BANGKOK — Asian shares are steady in quiet Good Friday trading after Wall Street closed out its best week in 45 years thanks to the Federal Reserve’s titanic effort to support the economy through the coronavirus crisis.
Many regional markets were closed. Japan’s Nikkei 225 index edged 0.1% lower to 19,326.78 and the Shanghai Composite index lost 0.4% to 2,814.52. In South Korea, the Kospi inched 0.1% higher to 1,838.47. Shares also rose in Taiwan and Malaysia.
Overnight, the U.S. central bank announced programs to provide up to $2.3 trillion in loans to households, local governments and businesses as the coronavirus outbreak tips the country into what economists say may be the worst recession in decades.
The Fed’s actions completely overshadowed a government report that another 6.6 million people applied for unemployment benefits last week. Stock investors expected such dismal numbers, and some are looking ahead to a possible reopening of the economy.

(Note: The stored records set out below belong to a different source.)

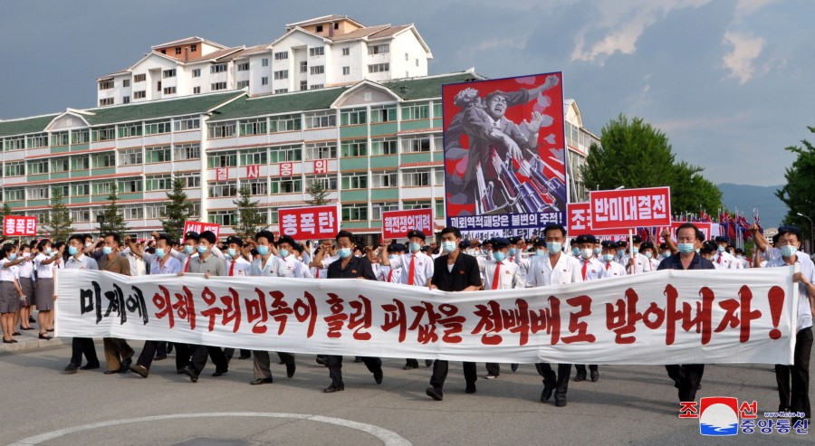 Demonstranti pochodovali, skandovali hesla, vyjadřovali nezkrotnou nenávist k americkým imperialistům a smečce zrádců, kteří mají bláhový sen o zardoušení naší republiky a nyní se uchylují k bezohledným vojenským provokacím proti našemu mocnému státu.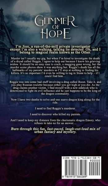 Glimmer of Hope Blurb: I'm Jinx, a run-of-the-mill private investigator ... except I'm also a walking, talking lie detector. Oh, and I belong to magical realm known as the Other. Murder isn't usually my gig, but when I'm hired to investigate the death of a dryad called Reggie, I agree to help out because I know his grieving widow. It should be an easy case to crack, a mugging gone wrong, but the murder scene photos show it was anything but. Reggie's death has all the hallmarks of my parents' murders so I'll stop at nothing to finding his killers. It's so important I'd even be willing to tag in Stone to help - if I could find him... Reggie was into some bad stuff involving a drug called Boost. Take it, and you play Russian roulette because either you get high or you die. As the drug claims another victim, I find myself with a new sidekick who is determined to fight its evil influence and he just happens to be the king of the dragon community. Now I have two deaths to solve and one suave dragon king along for the ride. I need to find Reggie's murderer. I need to discover who killed my parents. And I need to keep my distance from the charismatic dragon Emory, who refuses to take no for an answer... Excerpt: I was heading back to my car when my phone rang, it was an unknown number. I swiped to answer. 'Sharp Security Services,' I said in my best phone voice. 'Jinx?' the voice on the line asked. 'Speaking.' 'It's Emory.' I stilled. It wasn't a common name. A picture shot into my mind of a mighty red dragon roaring as he clashed with the shield of Mrs H's magic. The flashback was so strong it took me a beat to respond. 'Emory? The dragon?' There was a pause. 'Yes.' 'You can use a phone with your claws?' I asked curiously. A longer pause, during which I suspected he was regretting calling me. 'I'm in my human form,' he said finally. 'Sure,' I said breezily, like that had occurred to me. Dragons had a human form? 'So, how can I help?' Description: Fans of Annette Marie, Helen Harper and Kim Richardson will love this series. This is a fun urban fantasy mystery novel featuring a women sleuth, with vampires, hell hounds and dragon shifters.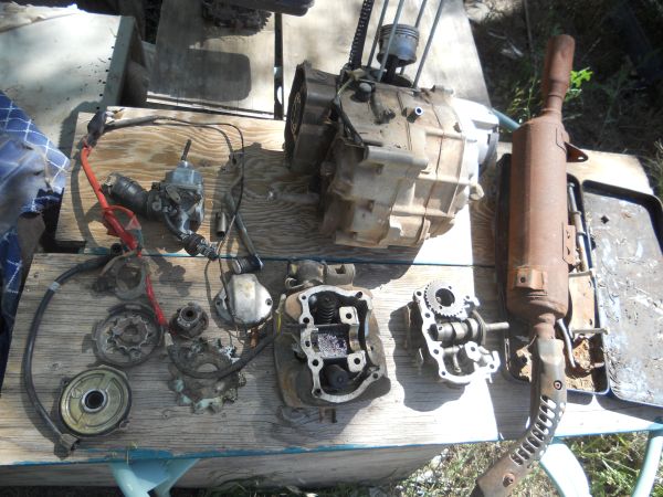 So far, I've sanded down the frame, forks and rear plastic (still missing the front plastic) and painted everything. I've had great luck with Krylon Fusion, so I chose Red Pepper and did the forks and rear plastic with it; I am very happy with the results. This weekend I stripped the engine down to pieces, degreased everything in my parts washer and then threw the case parts in the dishwasher. A nice coat of Duplicolor Cast Aluminum made everything look great.

“It looks like the Feds are on a mission to blow holes in every dam that stops the flow of credit. And it sure sounds like they have plenty more dynamite if needed,” Stephen Innes of AxiCorp. said in a commentary.
The stock market is not the economy, and that distinction has become even more clear this week. For the week, the S&P 500 jumped 12.1%, its best performance since late 1974. U.S. markets will be closed for Good Friday.
Stock investors are continuously looking ahead to where the economy will be a few months or more in the future, which largely depends on the state of the coronavirus pandemic and on mass shutdowns meant to contain it.
”The market is solely focused on the number of cases,” said Quincy Krosby, chief market strategist at Prudential Financial. “The question is when can the restrictions be lifted? That’s what the market is focused on, when does America open up for business again?”
The S&P 500 rose 39.84 points to 2,789.82. The Dow Jones Industrial Average added 1.2%, to 23,719.37, and the Nasdaq climbed 0.8% to 8,153.58.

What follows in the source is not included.